Dalam Permendikbud Nomor 46 Tahun 2023 ada pasal mengenai pembentukan satgas pencegahan dan penanggulangan kekerasan di lingkungan sekolah yang dibentuk di tingkat pemda hingga daerah. Meskipun demikian, menurut Syaiful Huda yang jadi pertanyaan adalah bagaimana satgas tersebut bekerja dan bagaimana efektivitasnya, sekaligus perlu ada evaluasi dari pemerintah atas satgas tersebut.
“Tapi pertanyaan saya kira-kira Kemendikbud punya data tidak berapa Pemda yang sudah membikin satgas itu? Pertanyaan lanjutannya, apakah satgas sudah bekerja secara efektif atau hanya sekedar dibentuk?” ujarnya.
Menurutnya Kemendikbudristek semestinya melakukan pengorganisasian besar, mengetahui mendetail mana pemda yang sudah membuat satgas dan yang belum. Lalu, yang sudah membuat satgas apakah pemdanya sudah bekerja sesuai target atau belum, dan seterusnya.
Dia pun menyampaikan ada banyak kritik atas Permendikbud Nomor 46 Tahun 2023 soal mekanisme pelaporan.
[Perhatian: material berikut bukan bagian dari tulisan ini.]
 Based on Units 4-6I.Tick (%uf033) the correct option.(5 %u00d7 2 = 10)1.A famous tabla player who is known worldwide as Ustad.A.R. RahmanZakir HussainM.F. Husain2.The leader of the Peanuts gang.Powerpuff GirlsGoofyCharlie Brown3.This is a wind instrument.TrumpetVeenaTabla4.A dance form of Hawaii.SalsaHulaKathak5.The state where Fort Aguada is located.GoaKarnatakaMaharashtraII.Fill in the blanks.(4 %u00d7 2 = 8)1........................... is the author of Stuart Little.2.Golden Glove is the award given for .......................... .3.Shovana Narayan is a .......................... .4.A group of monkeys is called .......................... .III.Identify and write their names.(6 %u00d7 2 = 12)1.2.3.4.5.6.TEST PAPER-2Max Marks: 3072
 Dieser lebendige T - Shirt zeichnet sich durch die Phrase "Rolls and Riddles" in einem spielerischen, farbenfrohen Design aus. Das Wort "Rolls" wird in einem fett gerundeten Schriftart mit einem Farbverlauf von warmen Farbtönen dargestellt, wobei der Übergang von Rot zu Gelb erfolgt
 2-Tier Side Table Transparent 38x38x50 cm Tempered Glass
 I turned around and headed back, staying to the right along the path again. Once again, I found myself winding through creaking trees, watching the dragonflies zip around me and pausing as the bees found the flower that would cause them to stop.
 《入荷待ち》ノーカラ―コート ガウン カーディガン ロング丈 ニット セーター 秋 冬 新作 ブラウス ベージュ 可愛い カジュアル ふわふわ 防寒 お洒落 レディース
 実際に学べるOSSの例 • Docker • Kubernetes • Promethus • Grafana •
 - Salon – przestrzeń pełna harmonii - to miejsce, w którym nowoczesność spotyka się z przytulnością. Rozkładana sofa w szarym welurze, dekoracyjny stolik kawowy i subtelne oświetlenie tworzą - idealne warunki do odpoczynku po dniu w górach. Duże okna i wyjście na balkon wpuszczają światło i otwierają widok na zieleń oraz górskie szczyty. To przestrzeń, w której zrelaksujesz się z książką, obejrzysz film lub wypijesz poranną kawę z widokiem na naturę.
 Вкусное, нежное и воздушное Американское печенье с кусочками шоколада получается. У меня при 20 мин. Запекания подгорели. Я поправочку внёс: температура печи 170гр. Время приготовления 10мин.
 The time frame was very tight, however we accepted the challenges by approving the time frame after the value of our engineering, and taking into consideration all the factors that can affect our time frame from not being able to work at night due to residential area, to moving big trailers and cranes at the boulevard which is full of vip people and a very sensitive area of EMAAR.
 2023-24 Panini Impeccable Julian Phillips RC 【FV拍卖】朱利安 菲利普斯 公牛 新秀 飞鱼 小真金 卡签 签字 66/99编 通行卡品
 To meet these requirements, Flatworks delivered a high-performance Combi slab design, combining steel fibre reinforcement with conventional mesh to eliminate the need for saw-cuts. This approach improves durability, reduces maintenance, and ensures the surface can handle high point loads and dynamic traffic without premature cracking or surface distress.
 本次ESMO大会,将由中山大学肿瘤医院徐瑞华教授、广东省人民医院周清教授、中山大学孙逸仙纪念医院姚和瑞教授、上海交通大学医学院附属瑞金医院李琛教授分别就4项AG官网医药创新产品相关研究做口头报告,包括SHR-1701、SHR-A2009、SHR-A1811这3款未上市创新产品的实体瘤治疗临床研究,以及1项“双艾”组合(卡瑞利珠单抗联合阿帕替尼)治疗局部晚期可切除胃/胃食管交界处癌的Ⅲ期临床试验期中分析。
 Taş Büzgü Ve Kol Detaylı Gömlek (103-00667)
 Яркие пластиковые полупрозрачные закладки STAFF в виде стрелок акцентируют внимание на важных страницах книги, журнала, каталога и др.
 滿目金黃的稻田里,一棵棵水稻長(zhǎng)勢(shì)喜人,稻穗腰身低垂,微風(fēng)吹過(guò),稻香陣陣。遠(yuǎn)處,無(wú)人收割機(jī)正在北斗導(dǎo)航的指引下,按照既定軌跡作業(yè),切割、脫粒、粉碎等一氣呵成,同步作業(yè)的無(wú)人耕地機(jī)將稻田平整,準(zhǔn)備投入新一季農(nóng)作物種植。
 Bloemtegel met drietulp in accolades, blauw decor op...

Beberapa korban perundungan mengeluhkan rumitnya pelaporan.
“Jadi model pelaporannya yang relatif agak rumit dan akhirnya berisiko bagi para pelapor, lalu tidak melaporkan kasusnya sendiri,” ucap Syaiful Huda.
Dia menggarisbawahi keluhan ini perlu menjadi perhatian Kemendikbudristek dan perlu adanya penyederhanaan mekanisme pelaporan.